* DATASET *
+++++

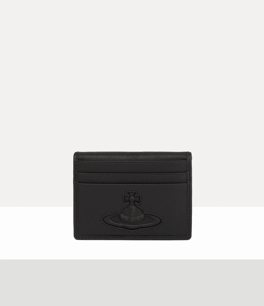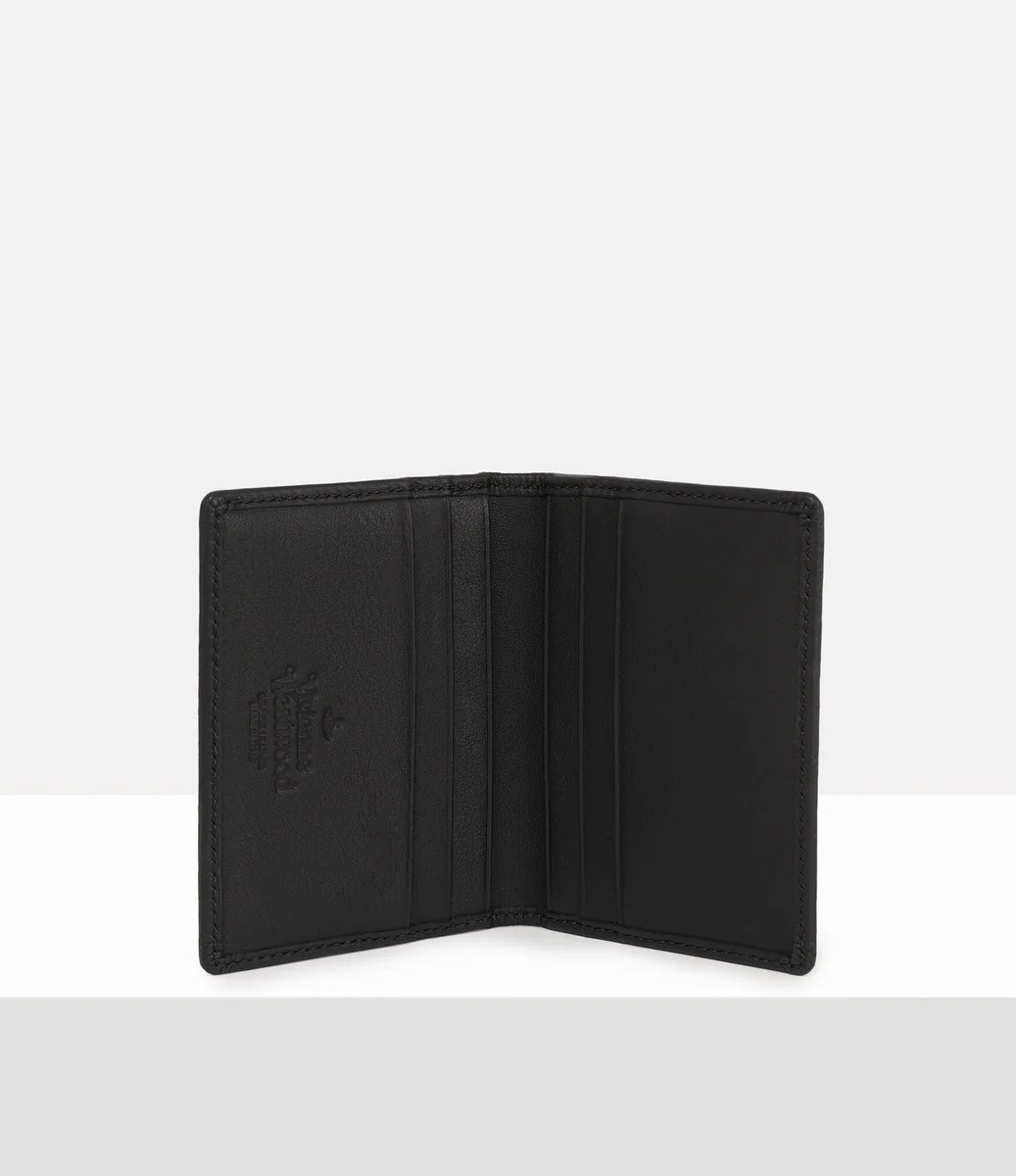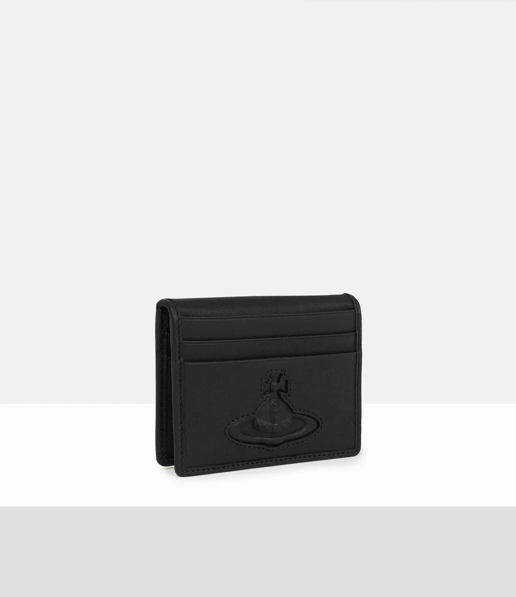 Der Vivienne Westwood Man Kartenhalter hat eine zweifach gefaltete Silhouette, zwölf Kartenfächer und ein dreidimensionales Kugelmotiv auf der Vorderseite.
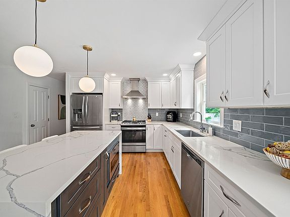 Step into this beautifully updated residence where comfort style and functionality come together.Upon entering you’ll be greeted by gleaming hardwood floors and open-concept layout.The heart of the home is the stunning remodeled kitchen, designed to impress.It features white cabinetry with crown molding, S/S appliances, and large center island with waterfall quartz countertops. The kitchen seamlessly flows into a spacious dining area and a cozy family room, making entertaining a breeze.This home offers 3 bedrooms and two beautifully updated bathrooms.Downstairs, the finished lower level offers a large family room with endless possibilities, create a media space, home office or gym.There’s room for everyone. Set on fenced, 3/4 acre lot, the outdoor space offers,a great place to host guests or relax in the outdoors.A 2-car attached garage adds convenience and additional storage.Located in an ultra-convenient neighborhood, just minutes from shopping, restaurants, school & Rexhame Beach!
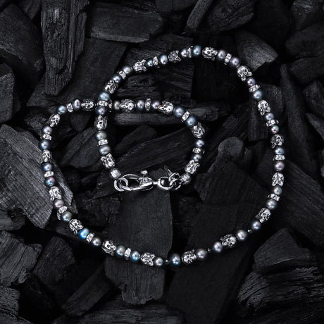 From €39500Unit price /UnavailableSilver and Pearls Necklace with Triple Small SKULLS 5
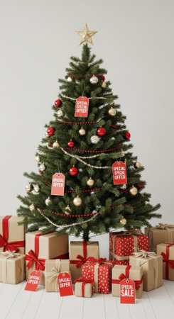Christmas sale presents background with festive decorations, snowflakes, AI generated
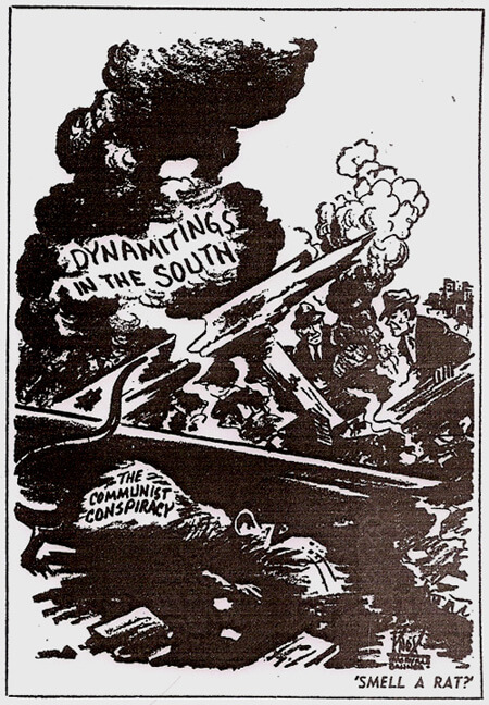 The Temple bombing forced an already defensive segregationist leadership further on the back foot. Massive resistance leaders moved swiftly to dissociate themselves from the bombing for fear that it would undermine their carefully cultivated image of respectability. The Citizens' Council published a cartoon in its newsletter disingenuously claiming that communist subversives had carried out the attack in order to taint all segregationists with a reputation for violent bigotry. The cartoon showed a rodent scampering from the wreckage of the bombing, underneath which were written the words "Smell a Rat?" Southern columnist David Lawrence similarly asserted that the bombing was a Soviet plot "to stir up antagonisms inside the United States and to portray America before the world as denying religious freedom."35The Citizens' Council, October 1958, 3; Evening Capital (Annapolis, MD), October 16, 1958.
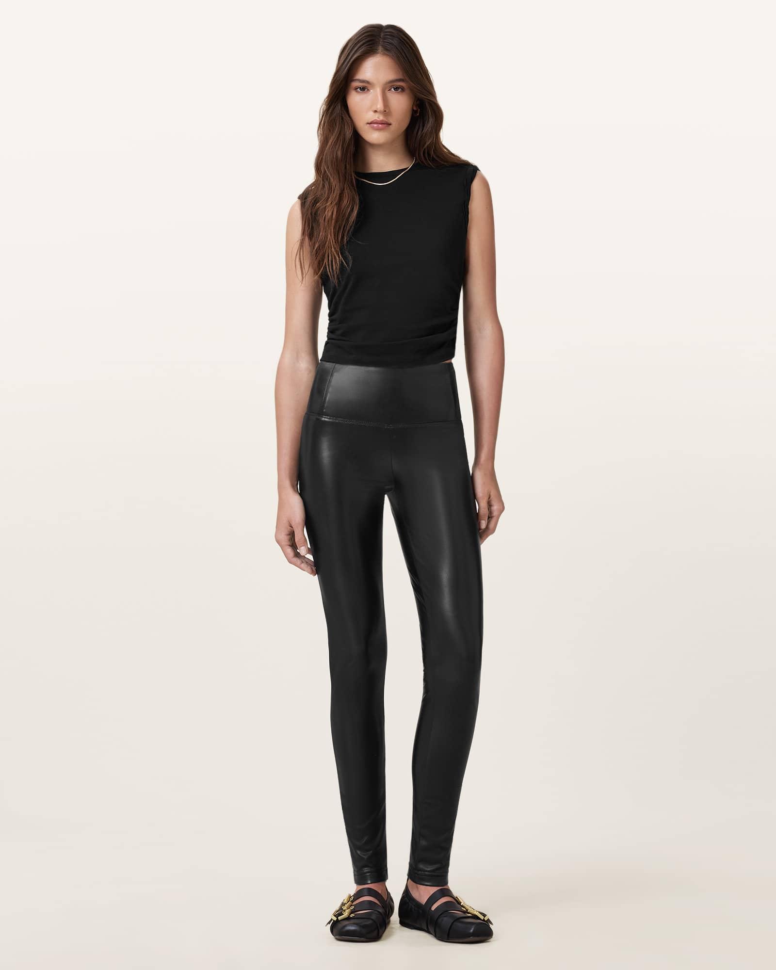 Toughen up your wardrobe with the Cora Leggings. They're high-waisted and skinny, creating a flattering fit that accentuates the legs. The perfect piece for wearing with oversized sweaters and tees – casual dressing, amped up. These leggings are designed to a bodycon fit Super skinny High-rise Deep waistband Ankle length
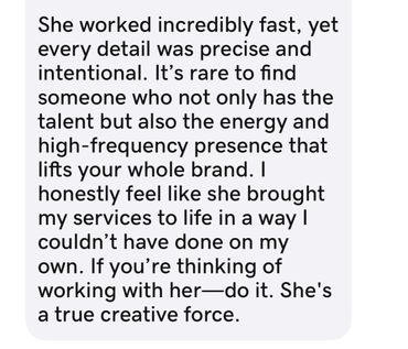 I offer many services to either get you started or rebrand your business, as well as mentorships for those who are looking to start a healing practice, build your dreams and know how to take action.

+++++

* ACTIVITY *
Look back over the records above. Reproduce exactly everything from the line with "From €39500Unit price" down to the line with "Christmas sale presents", inclusive, and leave the pictures out.

* OUTPUT OF THE TASK *
 From €39500Unit price /UnavailableSilver and Pearls Necklace with Triple Small SKULLS 5
Christmas sale presents background with festive decorations, snowflakes, AI generated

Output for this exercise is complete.